Так как дежурный по Генеральному штабу знал, что вопрос о немецкой ракете докладывался руководству в Кремле, а генерал Антонов был у Сталина, из Генштаба в Ставку Верховного главнокомандующего раздался звонок.
Дежурный . Товарищ Горбачев, докладывает подполковник Савин из Генштаба. К нам пришла срочная радиограмма из Львова.
Горбачев . Давайте.
Дежурный . Группа «Ракета» просит указаний: посадочная полоса у партизан разъехалась из-за дождей. Считают, что сейчас рискованно садиться. Просят перенести полет на следующую неделю.
Горбачев . Я сейчас доложу товарищу Поскребышеву.
Через десять минут полковник Горбачев, дежурный в приемной Сталина, позвонил в Генеральный штаб и сказал:
— Есть мнение, что откладывать полет нецелесообразно.
— Значит, лететь?
— Я повторяю вам: есть мнение, что откладывать полет нецелесообразно…
— Ясно, товарищ Горбачев. До свидания.
…МОСКВА — ЛЬВОВУ: «Необходимо немедленно осуществить операцию „Ракета“, не откладывая на воскресенье».

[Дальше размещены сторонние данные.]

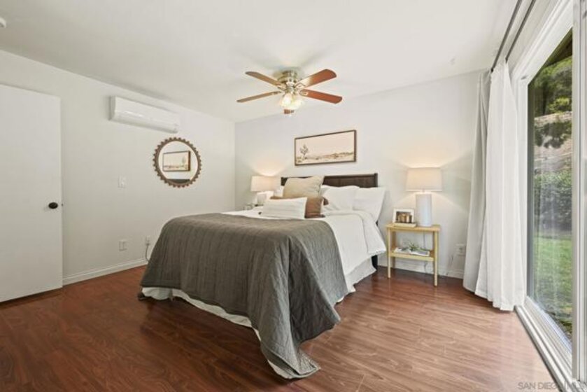 THE ONE THAT CHECKS ALL THE BOXES! This bright end-unit townhome checks all the boxes, FHA & VA approved, private setting, and gorgeous open views. Enjoy rare greenbelt privacy with no neighbors behind you, a feature that truly sets this home apart in Friars Village! Unlike most units with two shared walls, this one shares only a single wall, offering an exceptional sense of space and quiet. Inside, the 2 bed / 1 bath layout feels airy and inviting with dual-pane windows and sliders (updated within the last 5–6 years) and three energy-efficient mini-splits providing year-round comfort. The open-concept living area flows seamlessly to a private view patio, perfect for relaxing or entertaining with serene greenery as your backdrop. Practical perks include in-unit laundry, an attached two-car garage with direct access, and a low-maintenance lifestyle ideal for busy professionals, students, or first-time buyers. Community amenities feature a pool, spa, clubhouse, BBQ areas, and playground, all in a prime Mission Valley location just minutes from USD, Fashion Valley, Mission Bay, and Downtown, low-maintenance living with unmatched privacy, comfort, and convenience that truly stands out from the rest. Seller-reported updates include a new electrical panel (2025), new garbage disposal, added kitchen backsplash, new kitchen faucet, a painted bathroom vanity with new hardware, new bathroom light fixtures, a new medicine-cabinet mirror, new hallway light fixtures, storage racks installed in the crawl space, and a wooden surf rack in the garage.
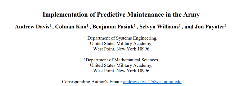 随着人工智能(AI)在商业领域和军事领域的应用日益广泛,陆军也在积极探索如何将预测因素融入现有的维护周期,通过预测性维护提高效率。预测性维护是一种主动维护技术,它利用实时资产数据(通过传感器收集)、历史性能数据和高级分析来预测资产故障发生的时间。预测性维护是一种新的维护方法,它结合了新技术和人工智能来帮助监控系统和平台。在当前的维护流程中实施人工智能和基于机器学习的预测器,有可能对陆军的战备状态产生积极影响,并通过改进往往导致过早或延迟维护行动的传统策略,使陆军能够更有效地运作。在最近一篇关于军事领域预测性维护的系统文献综述中,Dalzochio 讨论了用于预测功能的不同类型的模型,包括机器学习模型、深度学习模型、概率模型、混合模型、合理模型和基于物理的模型。为了解决军事领域的预测性维护问题,顶点小组采用了系统方法来解决这个问题: “陆军如何确定哪些平台沙组件最能从预测性维护模型中获益?” 在回答这个问题时,顶点小组深入研究了陆军内部现有的维护实践、预测性维护的现状、与实施预测性维护相关的挑战及其潜在影响。鉴于陆军装备的种类繁多、应用各异,提供了全面的文献综述、开发了模型、进行了利益相关者分析并评估了风险,从而为美国陆军人工智能集成中心(AI2C)开发人工智能和基于机器的预测器提供了价值。本文概述了预测性维护的背景、确定了方法、展示了预测性维护应用的模型,并提供了模拟模型的初步发现。

ЛЬВОВ — ПШИМАНСКОМУ И БОГДАНОВУ: «Просим сообщить, есть ли хоть какая-то возможность приземления».
ОТ ПШИМАНСКОГО И БОГДАНОВА: «Площадка есть, но никакой гарантии дать не можем».
ЛЬВОВ: «Вылет сегодня в условленное время».
Пшиманский и Богданов лежали в хворосте. От земли тянуло холодом — все шло к тому, что вот-вот ударят морозы. Небо не по-ночному светлое, но звезды в нем были очень ярки — не голубые даже, а рельефно-зеленые, видимо от студеного инея.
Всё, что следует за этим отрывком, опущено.